>>
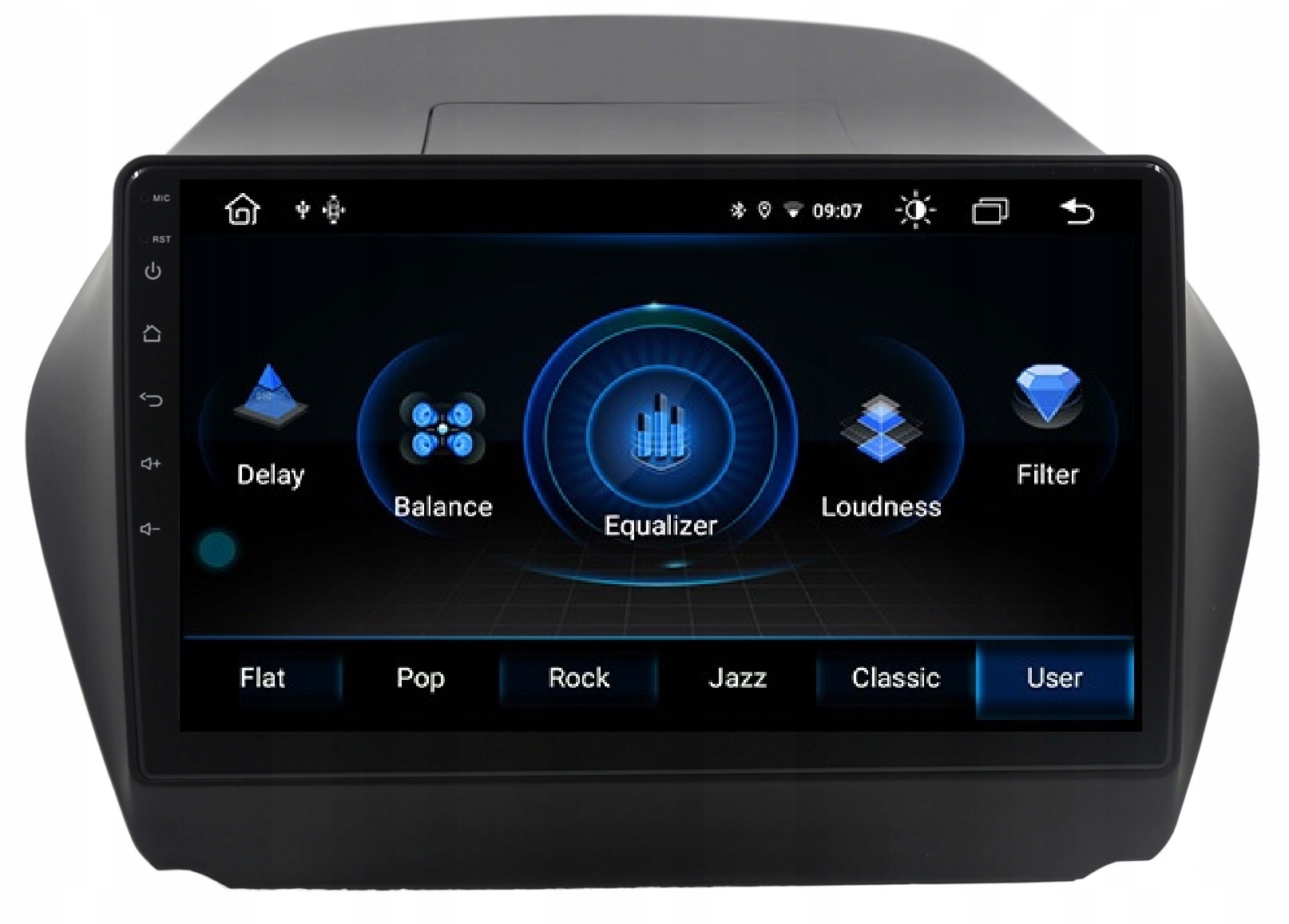 цифровий звуковий процесор і графічний еквалайзер(EQ ) забезпечують високоякісний звук, який задовольнить навіть найвимогливіших любителів музики! Вбудовано кілька режимів, визначених еквалайзером (рок, поп, джаз і т.д.), а також була залишена можливість будь-якої корекції Користувачем. Він має функціюLOUDNESS. Радіо також має опцію FADER, яку ми можемо змінити співвідношення звуку між окремими динаміками.
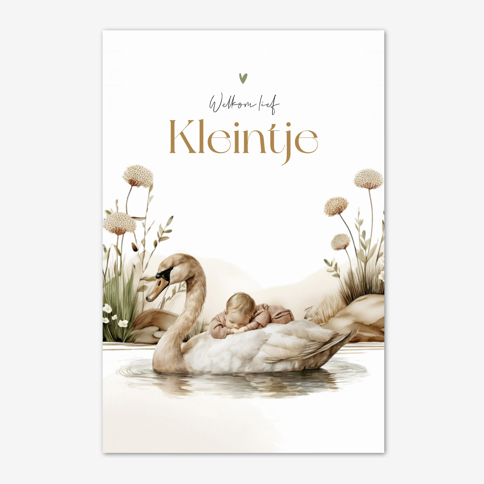 Maak je kraamcadeau extra bijzonder met deze enkelvoudige wenskaart, voorzien van een liefdevolle illustratie van een zwaan met baby. De tekst “Welkom op de wereld, kleintje” maakt deze kaart perfect om je felicitaties over te brengen bij de geboorte van een baby.
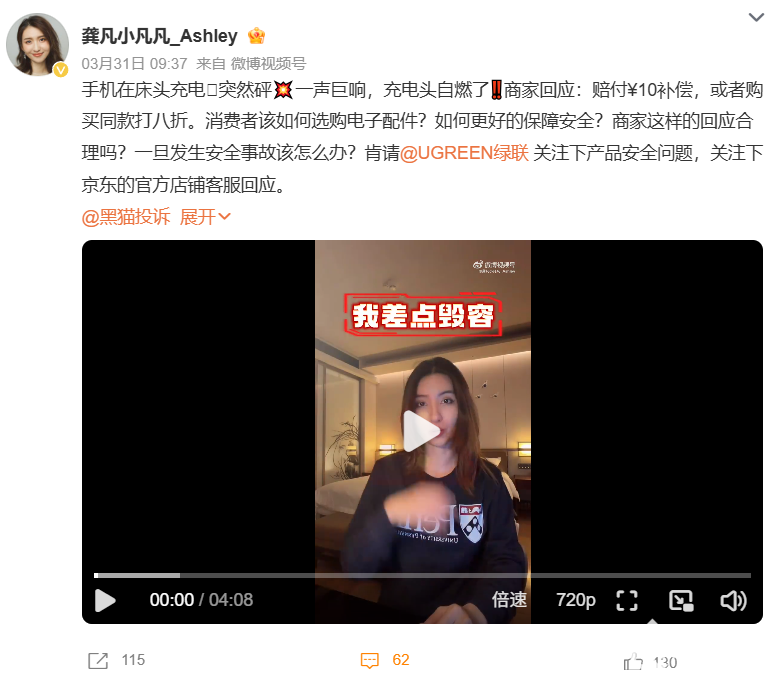 PChome 4月3日消息,近日,博主@龚凡小凡凡_Ashley在床头使用绿联65W氮化镓充电器时遭遇爆炸自燃,火星险些伤及眼睛导致毁容,而绿联客服提出的“10元退款”或“同款八折复购”方案被消费者质疑敷衍,引起舆论对产品安全与品牌责任的关注。
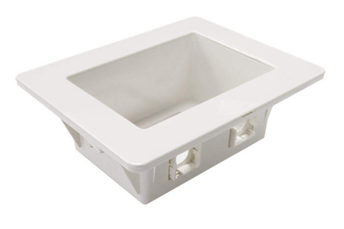 Designed to streamline your outlet installations behind appliances. Provides additional space for AV, Data, and electrical cabling. Installation is simple, and suitable for new builds or renovations.
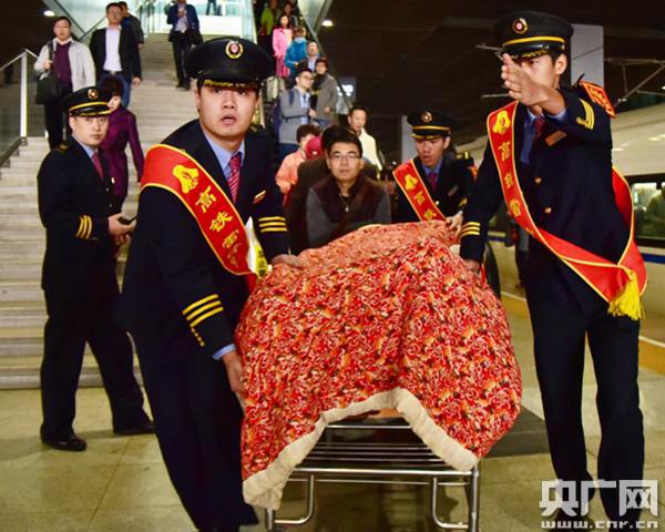 列車準(zhǔn)時(shí)進(jìn)站,王慶暉與列車長(zhǎng)辦理重點(diǎn)旅客交接,李彧將列車座椅盡量放置平躺,在空間有限的車廂連結(jié)處,三名雷鋒班成員同家屬一起將楊先生從擔(dān)架抬起,小心翼翼放至座椅。
<<
From the material above, reproduce only what runs from the line holding "PChome 4月3日消息,近日,博主@" down to the line holding "Designed to streamline", both included, pictures excluded.

 PChome 4月3日消息,近日,博主@龚凡小凡凡_Ashley在床头使用绿联65W氮化镓充电器时遭遇爆炸自燃,火星险些伤及眼睛导致毁容,而绿联客服提出的“10元退款”或“同款八折复购”方案被消费者质疑敷衍,引起舆论对产品安全与品牌责任的关注。
 Designed to streamline your outlet installations behind appliances. Provides additional space for AV, Data, and electrical cabling. Installation is simple, and suitable for new builds or renovations.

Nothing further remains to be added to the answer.